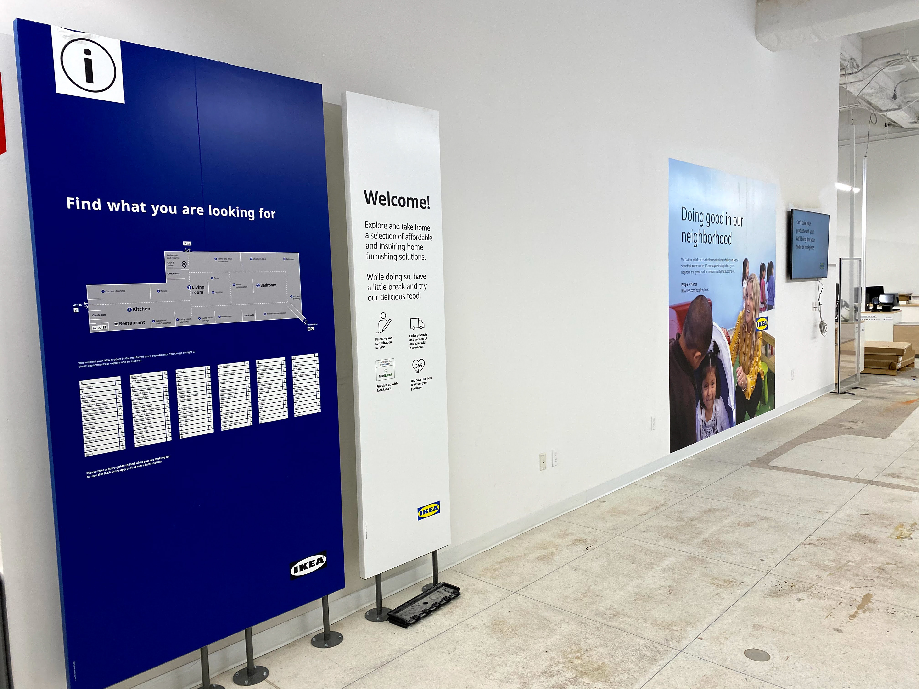 Completed flagship entryway featuring Scandinavian-themed signage and customer touchpoints.
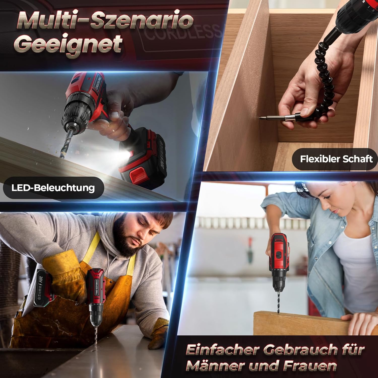 - 42NM-Kupfermotor: Der Akkuschrauber-Kit ist mit einer neuen, verbesserten Version des Kupfer-Doppellager-Getriebemotors mit einem maximalen Drehmoment von 42 NM ausgestattet.Der Hochleistungsmotor liefert eine starke, stabile Leistung und eine lange
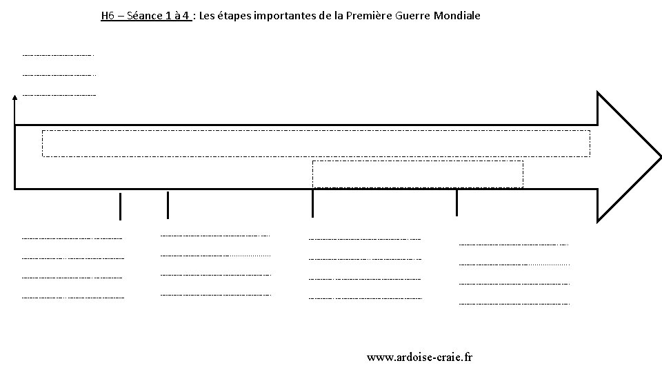 H 6 2 carreaux Séquence 6 : La Première Guerre Mondiale Séance 1 : Quelles sont les causes de la guerre? Voir fiche H 6 Séance 1: frise et carte par cœur Au début du 20è siècle, les pays européens sont en rivalité. Le 28 juin 1914, l'archiduc autrichien François Ferdinand est assassiné à Sarajevo par un Serbe qui refuse la domination autrichienne. L’Autriche déclare la guerre à la Serbie. La Russie déclare la guerre à l'Autriche pour aider la Serbie. Le système des alliances se met en place. La France entre en guerre contre l'Allemagne le 3 août 1914. www. ardoise-craie. fr
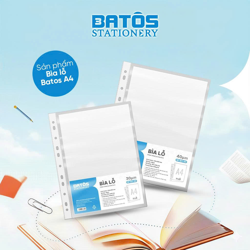 Với những lựa chọn này, bạn có thể dễ dàng sở hữu bìa lỗ Batos chính hãng, đảm bảo công việc văn phòng luôn ngăn nắp, chuyên nghiệp và thuận tiện trong mọi thao tác lưu trữ tài liệu.
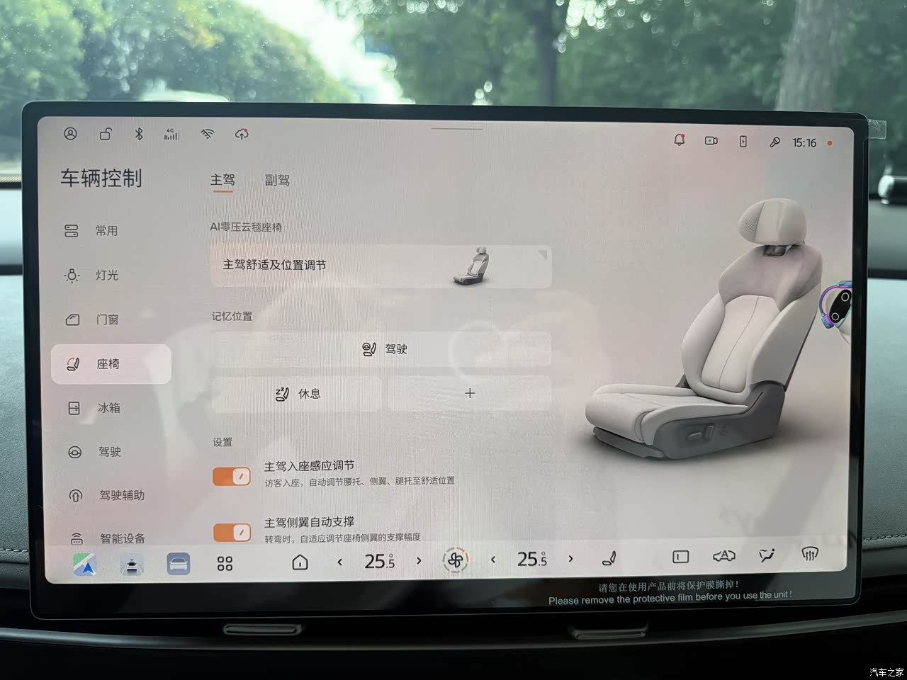 内饰主打实用,我比较喜欢的就是冷暖冰箱,真的没想到有一天车子里还能带冰箱,中控屏操作顺手,支持语音控制,但并不灵敏,有的时候开车集中注意力的时候调空调、开导航不用手忙脚乱,分心少还安全;车机还能 OTA 升级,之前升级后新增了亲子空间和哨兵模式,实用性更足。不过内饰也有缺点,部分饰板是塑料材质,质感一般,新车提回来时异味有点重,放了好久炭包才慢慢散掉,偶尔头枕扬声器还会有轻微电流声,略影响体验。

:::

**WORK TASK**. Nothing but the lines from the start of the records through the line holding "- 42NM-Kupfermotor: Der" should be printed, exactly as written and with the pictures left out.

**ANSWER AREA**.
 Completed flagship entryway featuring Scandinavian-themed signage and customer touchpoints.
 - 42NM-Kupfermotor: Der Akkuschrauber-Kit ist mit einer neuen, verbesserten Version des Kupfer-Doppellager-Getriebemotors mit einem maximalen Drehmoment von 42 NM ausgestattet.Der Hochleistungsmotor liefert eine starke, stabile Leistung und eine lange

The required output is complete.